What Happened: Kiyosaki, known for his pro-cryptocurrency stance, took to social media X to voice his skepticism about the Fed’s policies and inflation management.
He labeled the central bank’s decisions as detrimental to the economy and suggested that Saylor’s Bitcoin strategy offers a viable hedge against these issues.
“Michael Saylor’s bold Bitcoin purchasing strategy is not just investment; it’s a fight against the Fed’s reckless policies,” Kiyosaki wrote in the post.
The author has long been an advocate for Bitcoin and other alternative assets, frequently advising followers to invest in assets like gold, silver, and cryptocurrencies to protect themselves from what he sees as the erosion of purchasing power.
Saylor’s MicroStrategy is recognized as one of the largest institutional Bitcoin holders, having spent billions acquiring the cryptocurrency.
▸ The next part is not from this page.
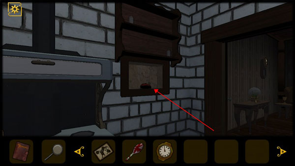 2、打开抽屉获得红色机关石头和查看报纸,注意钟表上红色指针指向的数字VIII

Saylor maintains that Bitcoin is the ultimate store of value in a world grappling with rising inflation and economic uncertainty.
In his post Kiyosaki also praised President-elect Donald Trump and his position on Bitcoin. Kiyosaki highlighted his work with Trump and shared his belief that Trump could become the first “Bitcoin President,” a reflection of Trump’s supportive attitude toward cryptocurrency.
He wrote, “Let’s make America and the world richer again with Bitcoin.”
Kiyosaki continued to criticize fiat currencies, describing them as tools of government control.
Why It Matters: His statements reflect a broader sentiment within the crypto community that views Bitcoin as a decentralized alternative to traditional financial systems.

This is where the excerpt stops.